Data frames can be constructed from a wide array of sources such as structured data files, tables in Hive, external databases, or existing local R data frames. SparkR also supports distributed machine learning using MLlib. As we can see in the diagram on the left hand side, we have the R environment, with the Spark Context, the JVM, and the Java Spark Context. And then on the right hand side, we have the task distributed across the cluster so that we are not limited to single threading, or resourced on a single unit, a single machine.

We can use as many machines that are in the cluster. So, that raises a question, why would you use SparkR? R, as we notice in the previous slide is restricted to single thread and the amount of memory on a single machine. So using R on Big Data is very difficult. SparkR is multi--threaded across many machines, as many machines as there are in the cluster, as well as having access to the memory and all machines in that cluster.

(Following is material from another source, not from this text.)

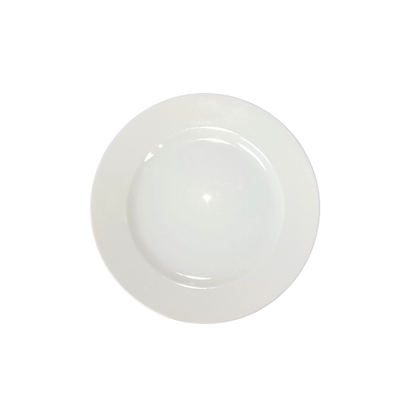 Plato hondo de porcelana blanca modelo REY con líneas en relieve en los bordes.

A typical example would be where there's a large amount of initial data which needs cleaning, filtering, and aggregating before the statistical analysis can be performed. This means reducing the volume of raw data to a relevant subset, which can fit onto a single machine, where R can apply the statistical learning model. This is very difficult, if not impossible in R. Once we have the set of data we're going to work on, we need to train the model. Model training involves applying a number of parameters to learn which parameter value works best. Most users want to do this parameter tuning in parallel, and aggregate the parameters to find the best model for the dataset. Performance in R is constrained by having to do this work on a single machine.

SparkR can do this across multiple nodes in a cluster, improving performance by several orders of magnitude. When the raw data is very large, and the user wants to apply a number of features to the whole dataset, and so a distributed machine learning algorithm is needed. R cannot do this, but SparkR comes with a machine learning library and Spark operates in a distributed environment, so large scaled machine learning is now possible with R.